Aug 3, 2021 – A new analysis of the CABANA trial (Catheter Ablation vs. Antiarrhythmic Drug Therapy for Atrial Fibrillation) examines the cost-effectiveness of catheter ablation versus drug therapy. CABANA is the largest trial comparing catheter ablation with drug therapy and is the first cost and benefit analysis of ablation using patient-level data.
The results of the economic analysis were presented as a late-breaking clinical trial as part of Heart Rhythm 2021, the annual meeting of the Heart Rhythm Society (HRS).
Atrial fibrillation (AF) affects more than 60 million people worldwide and accounts for up to $ 26 billion in health care costs in the United States alone. In fact, the annual medical costs for patients with AF are 73% higher than those with no condition. With the growing population of patients with AF and the economic burden on patients, there is an increased need for cost-effective treatments. While the CABANA trial had previously demonstrated improvements in quality of life, freedom from AF recurrence, and a decrease in AF burden compared to drug treatment, cost and outcome data were limited to less robust trials.
An economic analysis was conducted using patient-level data collected prospectively during the CABANA trial.

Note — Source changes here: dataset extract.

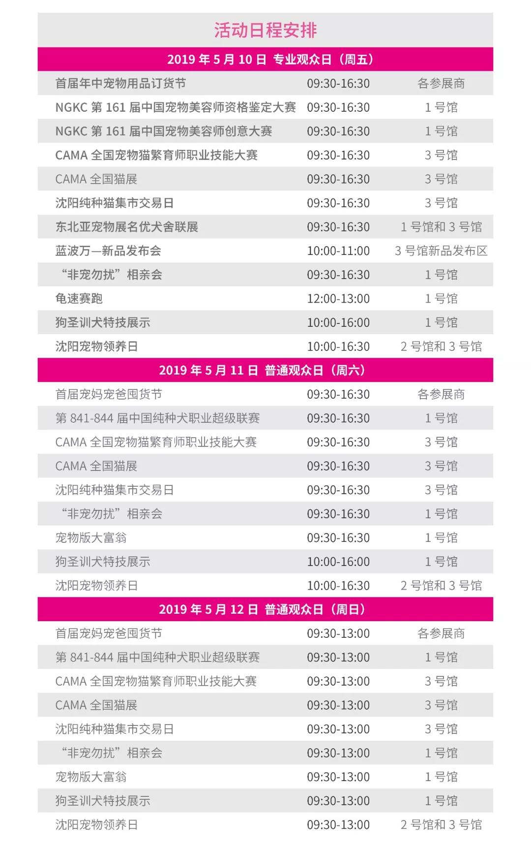 亮點(diǎn)六:同期召開(kāi)豐富的配套活動(dòng),如:NGKC犬賽、NGKC美容師大賽、中國(guó)寵物狂歡節(jié)(沈陽(yáng)站)、中國(guó)寵品特賣(mài)會(huì)、名犬展、名貓展、921狗狗運(yùn)動(dòng)會(huì)、愛(ài)心領(lǐng)養(yǎng)日、最美萌寵評(píng)選等人寵互動(dòng)活動(dòng)

This included data on resource use such as hospitalizations, procedures and emergency department visits reported by the 2,204 enrolled patients and hospital costs estimated from fees using cost-to-burden ratios at the level. service for 1,171 US patients with billing data. The quality of life adjustment factors were based on the utilities directly measured in the CABANA trial and the cost-effectiveness was assessed from a health care perspective in the United States over a lifetime .
The results highlight that, when adjusted for improvements in quality of life, catheter ablation offers positive economic results. The estimated additional cost per quality-adjusted life year (QALY) gained with catheter ablation is $ 57,433, which is within the value thresholds conventionally accepted in the US healthcare system. While the costs of catheter ablation compared to drug therapy were significantly higher (attributed to the initial cost of ablation: mean $ 26,656 Â± standard deviation 9,123) during the first three months of follow-up, it there were no significant differences in costs beyond 12 months. Patients assigned to ablation accumulated an average of 12.6 years of life (LY) and 11.0 QALY for a total cumulative cost of $ 150,987 (95% CI 145,420 – 169,208). While patients assigned to drug therapy accumulated on average 12.5 LY and 10.7 QALY for a total cumulative cost of $ 135,594 (95% CI 129,918 – 155,884).
âAs clinicians, we have seen firsthand the benefits of catheter ablation in controlling irregular heartbeats – and now we also have economic evidence to support this treatment option as a viable option for our patients. “, said Derek Chew, MD, MSci and Daniel Mark, MD, MPH, Duke Clinical Research Institute, the principal authors of the economic analysis of the CABANA trial. âAdditionally, in an era of rising healthcare costs, it is increasingly important to provide value-based care for progressive conditions such as AF. “
The authors note that further analyzes of CABANA will be conducted to further determine cost-effectiveness for patients with heart failure and other key subgroups.
The economic analysis of the CABANA trial was partially funded by grants from the National, Heart, Lung, and Blood Institute.